Information
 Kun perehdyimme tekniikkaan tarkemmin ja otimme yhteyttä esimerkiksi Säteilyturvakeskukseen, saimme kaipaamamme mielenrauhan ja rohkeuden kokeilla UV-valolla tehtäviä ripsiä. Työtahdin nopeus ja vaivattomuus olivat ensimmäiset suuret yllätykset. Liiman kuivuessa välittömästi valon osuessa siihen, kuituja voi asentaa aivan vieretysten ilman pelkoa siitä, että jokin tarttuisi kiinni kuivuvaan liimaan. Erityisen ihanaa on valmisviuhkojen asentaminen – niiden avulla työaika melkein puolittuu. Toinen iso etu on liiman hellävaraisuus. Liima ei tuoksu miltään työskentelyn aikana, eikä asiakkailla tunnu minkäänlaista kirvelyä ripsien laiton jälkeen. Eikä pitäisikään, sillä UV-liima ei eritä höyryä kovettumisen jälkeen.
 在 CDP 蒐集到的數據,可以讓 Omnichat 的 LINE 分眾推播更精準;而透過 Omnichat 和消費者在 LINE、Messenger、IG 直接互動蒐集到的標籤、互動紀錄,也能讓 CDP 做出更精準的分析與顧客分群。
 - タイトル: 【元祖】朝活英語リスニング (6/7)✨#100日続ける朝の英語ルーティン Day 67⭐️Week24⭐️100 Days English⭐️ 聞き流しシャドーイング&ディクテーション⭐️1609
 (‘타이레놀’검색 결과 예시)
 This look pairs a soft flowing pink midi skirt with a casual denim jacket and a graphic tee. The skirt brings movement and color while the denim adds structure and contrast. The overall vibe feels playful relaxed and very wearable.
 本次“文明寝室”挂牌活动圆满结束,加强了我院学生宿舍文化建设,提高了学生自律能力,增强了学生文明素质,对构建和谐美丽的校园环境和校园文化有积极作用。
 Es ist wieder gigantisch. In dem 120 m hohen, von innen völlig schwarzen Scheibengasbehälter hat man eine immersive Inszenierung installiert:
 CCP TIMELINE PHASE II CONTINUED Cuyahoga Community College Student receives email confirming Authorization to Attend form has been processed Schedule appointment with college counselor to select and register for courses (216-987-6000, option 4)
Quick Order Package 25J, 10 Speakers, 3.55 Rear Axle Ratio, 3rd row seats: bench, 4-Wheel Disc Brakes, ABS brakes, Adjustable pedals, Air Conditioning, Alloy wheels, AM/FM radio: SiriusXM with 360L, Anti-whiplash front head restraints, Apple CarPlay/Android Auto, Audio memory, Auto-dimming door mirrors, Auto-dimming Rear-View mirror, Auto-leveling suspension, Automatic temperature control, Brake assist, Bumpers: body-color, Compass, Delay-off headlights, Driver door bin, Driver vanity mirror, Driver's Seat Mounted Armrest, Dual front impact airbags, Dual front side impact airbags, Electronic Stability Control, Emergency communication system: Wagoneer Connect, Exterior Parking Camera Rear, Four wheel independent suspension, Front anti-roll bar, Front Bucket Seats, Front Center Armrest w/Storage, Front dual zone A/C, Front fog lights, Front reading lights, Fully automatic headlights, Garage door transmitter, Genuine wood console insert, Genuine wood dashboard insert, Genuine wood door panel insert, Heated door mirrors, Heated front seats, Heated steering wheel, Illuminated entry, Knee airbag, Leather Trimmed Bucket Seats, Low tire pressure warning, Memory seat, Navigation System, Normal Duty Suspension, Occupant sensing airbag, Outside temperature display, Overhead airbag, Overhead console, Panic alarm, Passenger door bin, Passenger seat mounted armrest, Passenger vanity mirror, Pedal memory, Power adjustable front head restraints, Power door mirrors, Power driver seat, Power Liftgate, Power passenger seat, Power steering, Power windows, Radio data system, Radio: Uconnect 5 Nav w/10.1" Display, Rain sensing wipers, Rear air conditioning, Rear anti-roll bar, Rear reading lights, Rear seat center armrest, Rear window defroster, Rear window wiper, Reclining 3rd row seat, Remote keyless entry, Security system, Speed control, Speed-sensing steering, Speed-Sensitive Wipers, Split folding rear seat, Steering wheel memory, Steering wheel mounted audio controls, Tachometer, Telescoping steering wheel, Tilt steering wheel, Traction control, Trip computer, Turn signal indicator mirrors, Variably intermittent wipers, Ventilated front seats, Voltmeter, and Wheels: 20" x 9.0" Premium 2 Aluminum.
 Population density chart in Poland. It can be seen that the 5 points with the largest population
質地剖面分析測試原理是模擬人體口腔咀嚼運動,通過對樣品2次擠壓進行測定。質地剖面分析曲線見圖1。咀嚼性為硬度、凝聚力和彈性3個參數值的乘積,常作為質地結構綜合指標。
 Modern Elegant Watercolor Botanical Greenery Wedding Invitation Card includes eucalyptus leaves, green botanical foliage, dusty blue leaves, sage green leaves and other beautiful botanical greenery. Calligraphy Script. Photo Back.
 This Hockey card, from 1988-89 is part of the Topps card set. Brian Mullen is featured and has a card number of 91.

What you are asked to do
The records above must be written out again exactly.

Answer to this exercise
 Kun perehdyimme tekniikkaan tarkemmin ja otimme yhteyttä esimerkiksi Säteilyturvakeskukseen, saimme kaipaamamme mielenrauhan ja rohkeuden kokeilla UV-valolla tehtäviä ripsiä. Työtahdin nopeus ja vaivattomuus olivat ensimmäiset suuret yllätykset. Liiman kuivuessa välittömästi valon osuessa siihen, kuituja voi asentaa aivan vieretysten ilman pelkoa siitä, että jokin tarttuisi kiinni kuivuvaan liimaan. Erityisen ihanaa on valmisviuhkojen asentaminen – niiden avulla työaika melkein puolittuu. Toinen iso etu on liiman hellävaraisuus. Liima ei tuoksu miltään työskentelyn aikana, eikä asiakkailla tunnu minkäänlaista kirvelyä ripsien laiton jälkeen. Eikä pitäisikään, sillä UV-liima ei eritä höyryä kovettumisen jälkeen.
 在 CDP 蒐集到的數據,可以讓 Omnichat 的 LINE 分眾推播更精準;而透過 Omnichat 和消費者在 LINE、Messenger、IG 直接互動蒐集到的標籤、互動紀錄,也能讓 CDP 做出更精準的分析與顧客分群。
 - タイトル: 【元祖】朝活英語リスニング (6/7)✨#100日続ける朝の英語ルーティン Day 67⭐️Week24⭐️100 Days English⭐️ 聞き流しシャドーイング&ディクテーション⭐️1609
 (‘타이레놀’검색 결과 예시)
 This look pairs a soft flowing pink midi skirt with a casual denim jacket and a graphic tee. The skirt brings movement and color while the denim adds structure and contrast. The overall vibe feels playful relaxed and very wearable.
 本次“文明寝室”挂牌活动圆满结束,加强了我院学生宿舍文化建设,提高了学生自律能力,增强了学生文明素质,对构建和谐美丽的校园环境和校园文化有积极作用。
 Es ist wieder gigantisch. In dem 120 m hohen, von innen völlig schwarzen Scheibengasbehälter hat man eine immersive Inszenierung installiert:
 CCP TIMELINE PHASE II CONTINUED Cuyahoga Community College Student receives email confirming Authorization to Attend form has been processed Schedule appointment with college counselor to select and register for courses (216-987-6000, option 4)
Quick Order Package 25J, 10 Speakers, 3.55 Rear Axle Ratio, 3rd row seats: bench, 4-Wheel Disc Brakes, ABS brakes, Adjustable pedals, Air Conditioning, Alloy wheels, AM/FM radio: SiriusXM with 360L, Anti-whiplash front head restraints, Apple CarPlay/Android Auto, Audio memory, Auto-dimming door mirrors, Auto-dimming Rear-View mirror, Auto-leveling suspension, Automatic temperature control, Brake assist, Bumpers: body-color, Compass, Delay-off headlights, Driver door bin, Driver vanity mirror, Driver's Seat Mounted Armrest, Dual front impact airbags, Dual front side impact airbags, Electronic Stability Control, Emergency communication system: Wagoneer Connect, Exterior Parking Camera Rear, Four wheel independent suspension, Front anti-roll bar, Front Bucket Seats, Front Center Armrest w/Storage, Front dual zone A/C, Front fog lights, Front reading lights, Fully automatic headlights, Garage door transmitter, Genuine wood console insert, Genuine wood dashboard insert, Genuine wood door panel insert, Heated door mirrors, Heated front seats, Heated steering wheel, Illuminated entry, Knee airbag, Leather Trimmed Bucket Seats, Low tire pressure warning, Memory seat, Navigation System, Normal Duty Suspension, Occupant sensing airbag, Outside temperature display, Overhead airbag, Overhead console, Panic alarm, Passenger door bin, Passenger seat mounted armrest, Passenger vanity mirror, Pedal memory, Power adjustable front head restraints, Power door mirrors, Power driver seat, Power Liftgate, Power passenger seat, Power steering, Power windows, Radio data system, Radio: Uconnect 5 Nav w/10.1" Display, Rain sensing wipers, Rear air conditioning, Rear anti-roll bar, Rear reading lights, Rear seat center armrest, Rear window defroster, Rear window wiper, Reclining 3rd row seat, Remote keyless entry, Security system, Speed control, Speed-sensing steering, Speed-Sensitive Wipers, Split folding rear seat, Steering wheel memory, Steering wheel mounted audio controls, Tachometer, Telescoping steering wheel, Tilt steering wheel, Traction control, Trip computer, Turn signal indicator mirrors, Variably intermittent wipers, Ventilated front seats, Voltmeter, and Wheels: 20" x 9.0" Premium 2 Aluminum.
 Population density chart in Poland. It can be seen that the 5 points with the largest population
質地剖面分析測試原理是模擬人體口腔咀嚼運動,通過對樣品2次擠壓進行測定。質地剖面分析曲線見圖1。咀嚼性為硬度、凝聚力和彈性3個參數值的乘積,常作為質地結構綜合指標。
 Modern Elegant Watercolor Botanical Greenery Wedding Invitation Card includes eucalyptus leaves, green botanical foliage, dusty blue leaves, sage green leaves and other beautiful botanical greenery. Calligraphy Script. Photo Back.
 This Hockey card, from 1988-89 is part of the Topps card set. Brian Mullen is featured and has a card number of 91.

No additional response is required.